**Activity:**
Please transcribe exactly the lines from the first line of the records below through the line containing "The sensor process", including both, and omit all pictures.

**Dataset entries:**

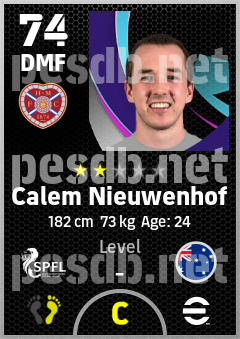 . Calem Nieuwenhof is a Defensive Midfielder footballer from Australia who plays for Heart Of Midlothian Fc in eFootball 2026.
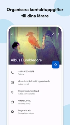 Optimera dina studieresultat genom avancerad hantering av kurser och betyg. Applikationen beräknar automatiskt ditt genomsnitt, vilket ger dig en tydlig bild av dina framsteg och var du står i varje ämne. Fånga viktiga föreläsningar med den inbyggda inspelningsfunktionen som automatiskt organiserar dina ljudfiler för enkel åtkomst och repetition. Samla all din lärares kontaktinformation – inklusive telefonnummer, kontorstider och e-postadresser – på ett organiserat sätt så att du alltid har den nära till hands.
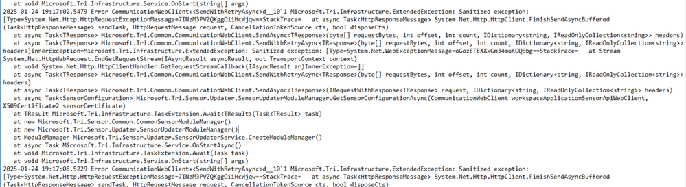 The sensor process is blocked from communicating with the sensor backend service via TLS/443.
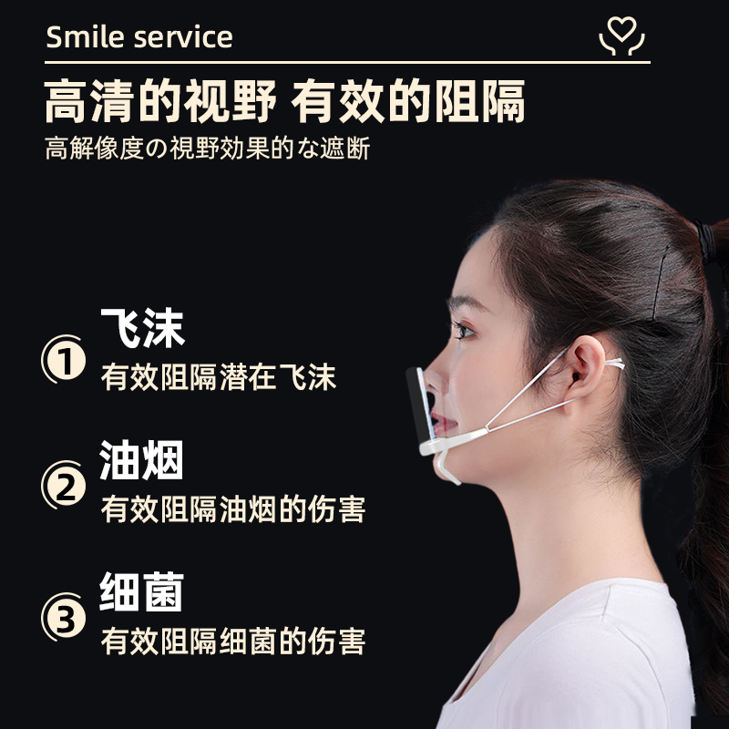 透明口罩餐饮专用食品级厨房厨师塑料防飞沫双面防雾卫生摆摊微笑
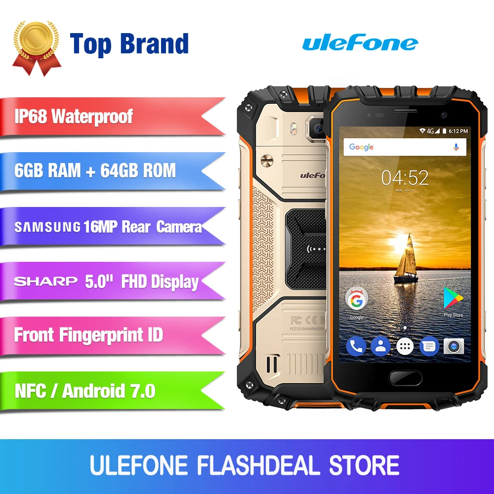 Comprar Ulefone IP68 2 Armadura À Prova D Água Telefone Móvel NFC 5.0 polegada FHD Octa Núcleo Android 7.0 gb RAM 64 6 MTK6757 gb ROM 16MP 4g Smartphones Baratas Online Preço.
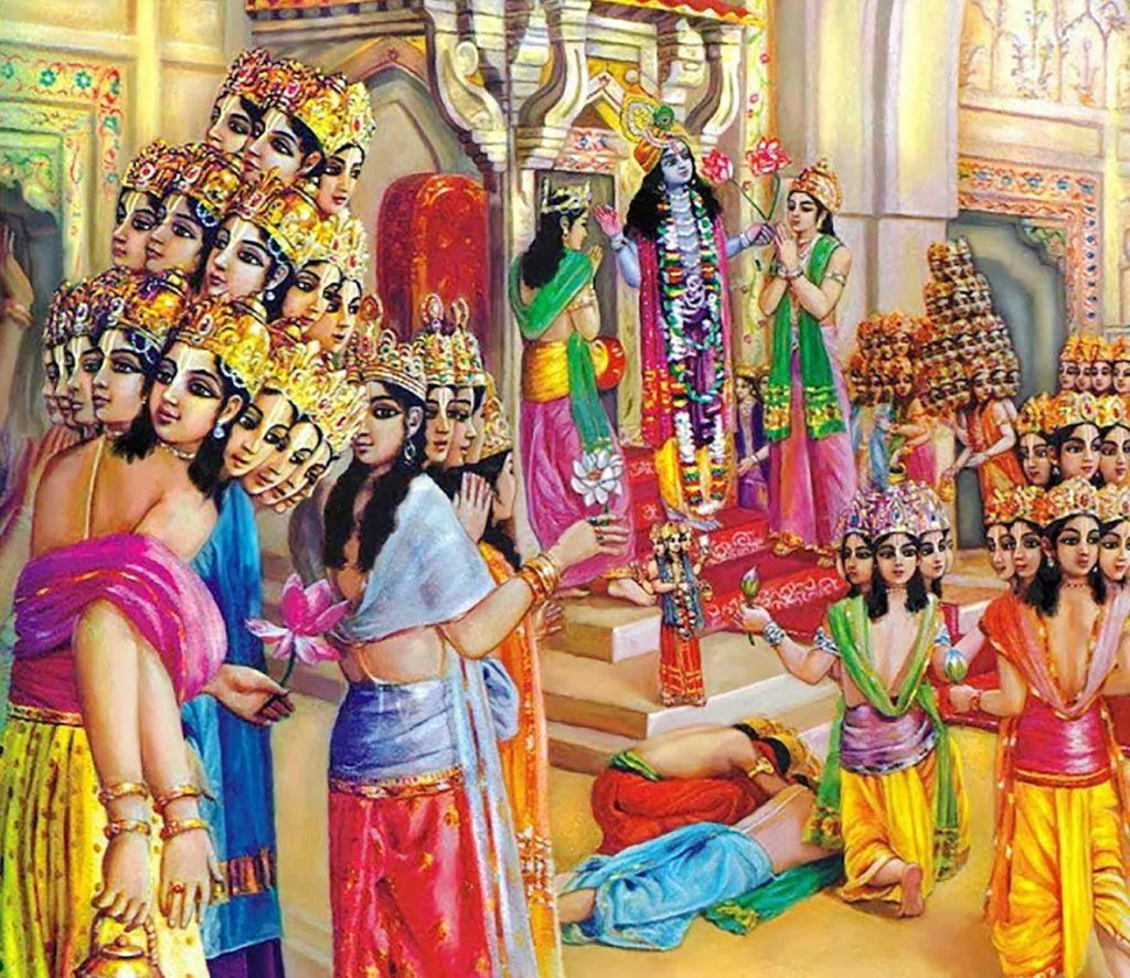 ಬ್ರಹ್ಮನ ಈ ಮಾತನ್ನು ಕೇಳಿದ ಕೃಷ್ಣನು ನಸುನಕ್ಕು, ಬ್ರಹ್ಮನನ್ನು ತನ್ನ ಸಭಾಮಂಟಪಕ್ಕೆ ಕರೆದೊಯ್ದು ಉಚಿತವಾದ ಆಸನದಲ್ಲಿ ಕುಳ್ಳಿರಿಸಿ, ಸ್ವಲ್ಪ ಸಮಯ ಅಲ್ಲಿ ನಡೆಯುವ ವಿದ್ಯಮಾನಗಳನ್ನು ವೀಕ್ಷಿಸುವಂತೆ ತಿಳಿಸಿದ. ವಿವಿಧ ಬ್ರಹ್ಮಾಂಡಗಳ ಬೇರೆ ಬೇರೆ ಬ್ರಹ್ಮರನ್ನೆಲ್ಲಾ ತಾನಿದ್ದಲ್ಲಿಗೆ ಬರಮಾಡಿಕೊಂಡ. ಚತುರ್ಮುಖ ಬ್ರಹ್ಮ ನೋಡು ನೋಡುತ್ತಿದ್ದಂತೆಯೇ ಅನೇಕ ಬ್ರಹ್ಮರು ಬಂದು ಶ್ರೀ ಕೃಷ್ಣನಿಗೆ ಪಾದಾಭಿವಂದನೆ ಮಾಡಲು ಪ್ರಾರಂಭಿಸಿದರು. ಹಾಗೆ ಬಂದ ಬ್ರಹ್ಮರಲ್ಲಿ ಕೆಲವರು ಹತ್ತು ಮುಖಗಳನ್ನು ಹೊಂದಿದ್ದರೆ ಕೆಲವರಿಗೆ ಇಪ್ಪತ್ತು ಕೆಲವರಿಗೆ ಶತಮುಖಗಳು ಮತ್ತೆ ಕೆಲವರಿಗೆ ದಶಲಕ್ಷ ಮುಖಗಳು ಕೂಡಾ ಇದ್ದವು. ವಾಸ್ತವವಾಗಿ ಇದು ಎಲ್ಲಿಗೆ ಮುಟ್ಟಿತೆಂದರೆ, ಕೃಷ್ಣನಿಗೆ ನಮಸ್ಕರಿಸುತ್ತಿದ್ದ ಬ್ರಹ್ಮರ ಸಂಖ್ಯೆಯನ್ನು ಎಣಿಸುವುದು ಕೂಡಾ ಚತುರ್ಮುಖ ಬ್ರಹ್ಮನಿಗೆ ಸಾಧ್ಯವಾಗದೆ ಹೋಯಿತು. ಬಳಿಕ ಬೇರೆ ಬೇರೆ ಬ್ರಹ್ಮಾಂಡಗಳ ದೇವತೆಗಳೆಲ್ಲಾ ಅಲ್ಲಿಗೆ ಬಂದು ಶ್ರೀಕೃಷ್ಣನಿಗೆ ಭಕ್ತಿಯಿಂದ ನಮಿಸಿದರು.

**Output of the exercise:**
 . Calem Nieuwenhof is a Defensive Midfielder footballer from Australia who plays for Heart Of Midlothian Fc in eFootball 2026.
 Optimera dina studieresultat genom avancerad hantering av kurser och betyg. Applikationen beräknar automatiskt ditt genomsnitt, vilket ger dig en tydlig bild av dina framsteg och var du står i varje ämne. Fånga viktiga föreläsningar med den inbyggda inspelningsfunktionen som automatiskt organiserar dina ljudfiler för enkel åtkomst och repetition. Samla all din lärares kontaktinformation – inklusive telefonnummer, kontorstider och e-postadresser – på ett organiserat sätt så att du alltid har den nära till hands.
 The sensor process is blocked from communicating with the sensor backend service via TLS/443.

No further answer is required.